Buser Fakta.net – Kota Malang
Polresta Malang Kota bersama Forkopimda Kota Malang menggelar sidak dan penataan kawasan Pasar Kebalen di Jalan Zaenal Zakse, Kelurahan Kotalama, Kecamatan Kedungkandang pada Kamis (7/5/2026).
Penataan dilakukan untuk mengurai kemacetan sekaligus mengembalikan fungsi jalan umum yang selama ini dipadati pedagang kaki lima (PKL).
Petugas gabungan masih menemukan banyak PKL berjualan melewati batas jam operasional, yakni setelah pukul 06.00 WIB. Akibatnya, ruas jalan menyempit, arus lalu lintas tersendat, dan sampah menumpuk di badan jalan.
Kapolresta Malang Kota, Kombes Pol Putu Kholis Aryana, menegaskan jalan umum harus kembali pada fungsinya demi kenyamanan masyarakat.
Jalan umum harus kembali pada fungsinya agar masyarakat merasa aman dan nyaman. Kami bersama Forkopimda mengedepankan pendekatan persuasif serta solusi jangka panjang melalui penataan lapak, pengaturan lalu lintas, dan pengelolaan kawasan pasar,” ujar Putu Kholis.
Ia menambahkan, kehadiran Polri tidak hanya mengamankan, tetapi juga menjaga stabilitas kamtibmas di kawasan pasar. Mulai dari pengaturan lalu lintas, pencegahan premanisme, hingga membangun komunikasi antara pemda dan pedagang.
Pasar adalah pusat aktivitas ekonomi masyarakat. Kehadiran Polri untuk memberi rasa aman bagi pedagang maupun pembeli, sekaligus memastikan fasilitas umum dapat digunakan sebagaimana mestinya,” tegasnya.
Sebelumnya, Wali Kota Malang, Wahyu Hidayat, menyebut penataan dilakukan menyusul banyaknya keluhan masyarakat terkait kemacetan. Pemkot Malang membatasi jam operasional PKL mulai pukul 00.00 WIB hingga 06.00 WIB.
Pedagang resmi diminta kembali ke dalam pasar, sedangkan PKL nonresmi akan direlokasi ke Pasar Induk Gadang (PIG).
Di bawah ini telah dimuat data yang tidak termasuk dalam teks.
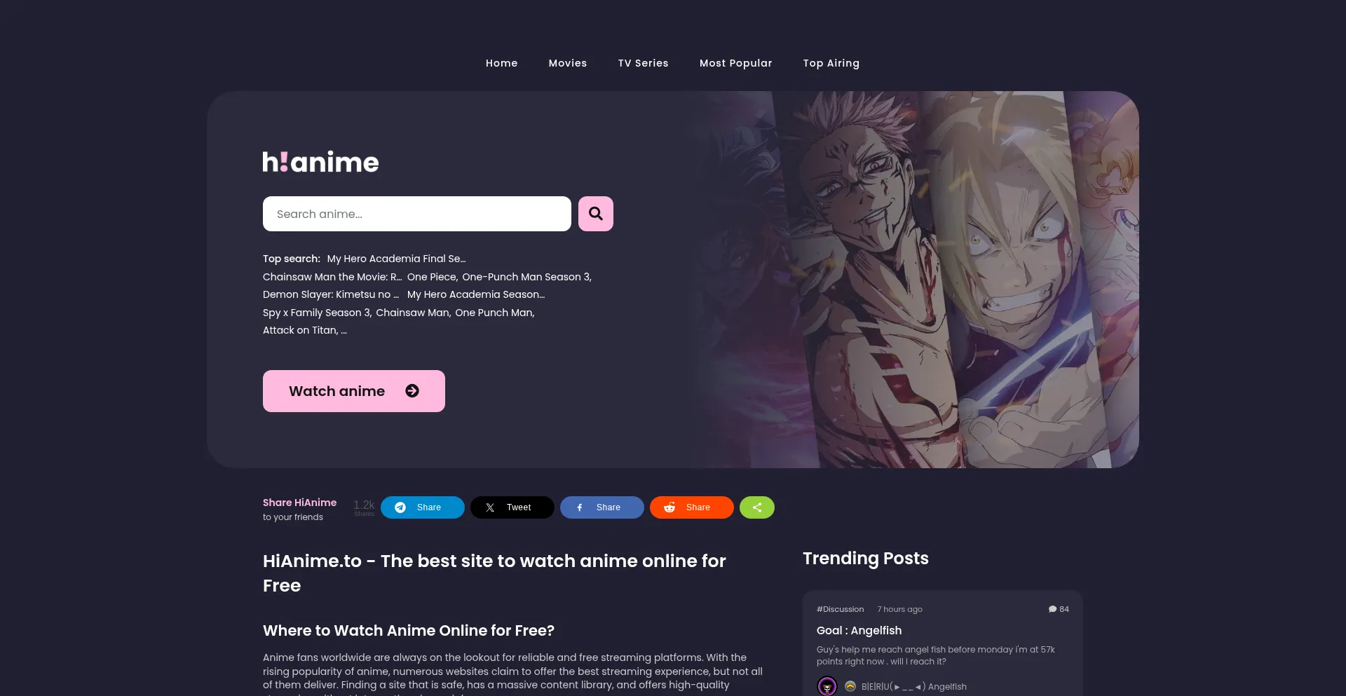HiAnime is the best website to Watch free Anime and anime series HD online. Enjoy fast streaming the latest anime. Just click and enjoy full episodes!
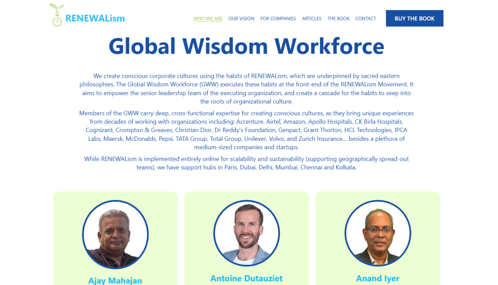 The Global Wisdom Workforce (GWW) is the executive arm of the RENEWALism Movement. Growing with every client engagement, the GWW serves as a handholder for senior leadership as they scale conscious culture online, across geographies. For details, please click the image below. The site opens in a new window.
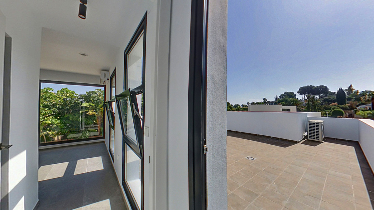 The upper floor houses a magnificent master bedroom equipped with a spacious dressing room, an en-suite bathroom and a large solarium terrace. Imagine waking up every day to panoramic views and enjoying moments of tranquillity in your own private oasis.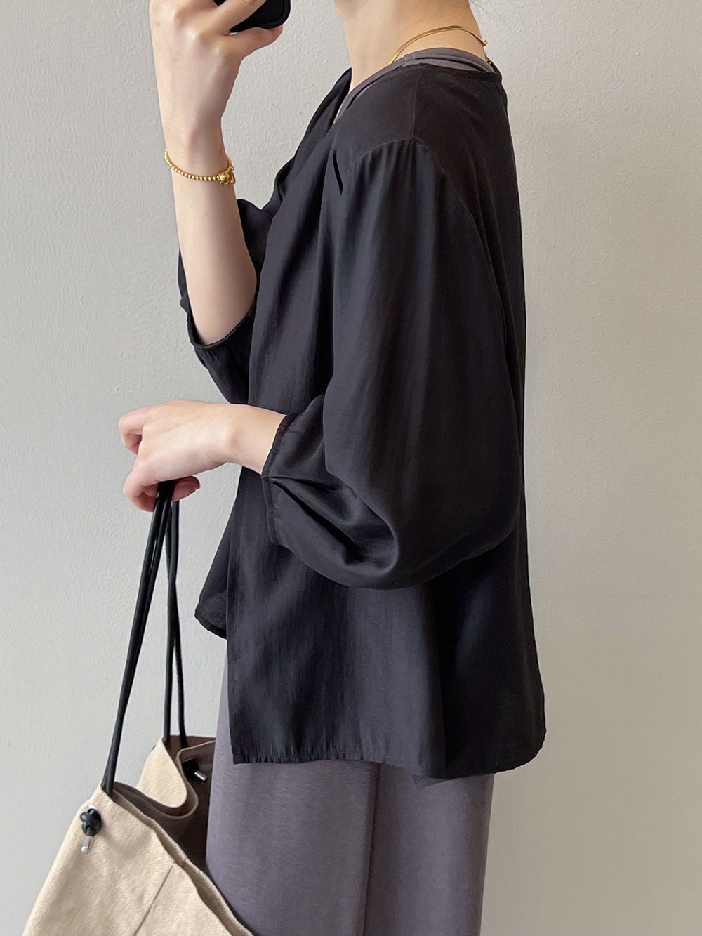 純色v領百搭寬鬆顯瘦打底長袖T恤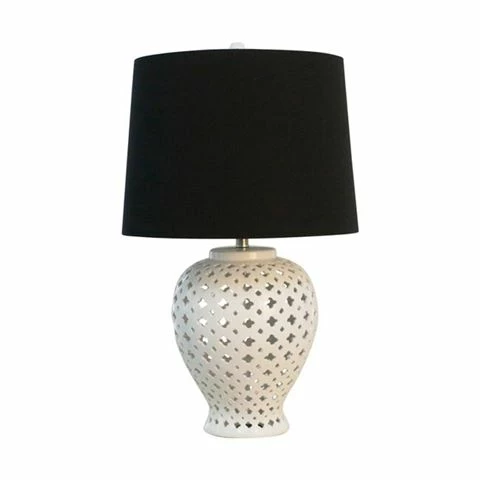 Light up your living space with this Ceramic Table Lamp with Lattice Design complete with Black tapered shade.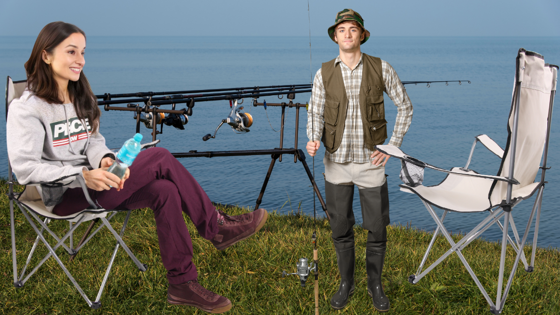 Lahek zložljiv stol, primeren za ribolov, vrt, balkon ali plažo.
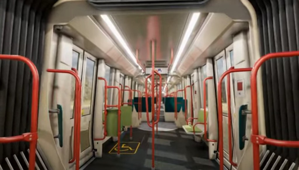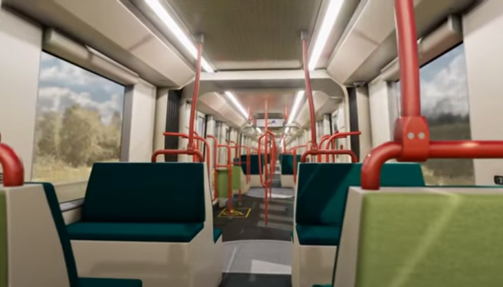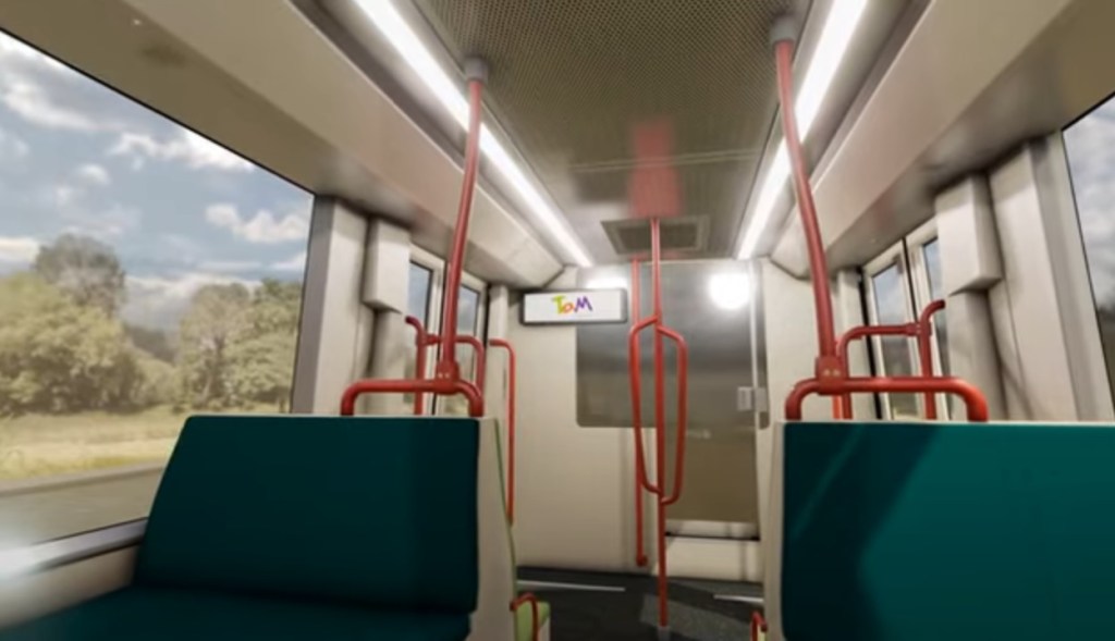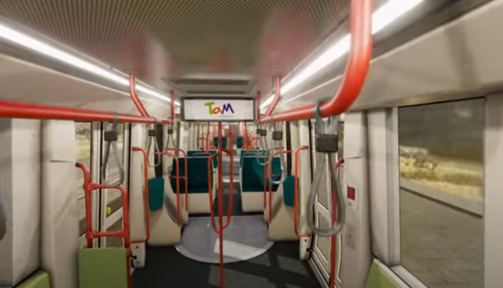 Aperçus de l’aménagement intérieur de l’espace voyageurs d’une des vingt-deux futures rames Urbos 100X CAF destinées à la future ligne 5 de tramway de Montpellier. Images tirées d’une vidéo YouTube mise en ligne par Montpellier Méditerranée Métropole et TaM, le vendredi 15 décembre 2023. Copyrights : Camille Besse et CAF

Tercatat sekitar 600-640 PKL berjualan di kawasan Pasar Kebalen, sebagian besar memanfaatkan badan jalan karena dinilai strategis.
Forkopimda mengevaluasi belum terealisasinya pemasangan barrier pembatas jalan dari arah Cukam hingga kawasan klenteng. Akibatnya, sterilisasi kawasan belum maksimal.
Petugas gabungan Satpol PP, Polri, dan Dishub masih mengandalkan imbauan persuasif yang dinilai belum efektif mencegah PKL kembali meluber ke jalan.
Pemkot Malang bersama Polresta Malang Kota memastikan penataan dilakukan bertahap dan berkelanjutan. Tujuannya menciptakan kawasan perdagangan yang tertib, aman, bersih, serta mendukung kelancaran aktivitas masyarakat.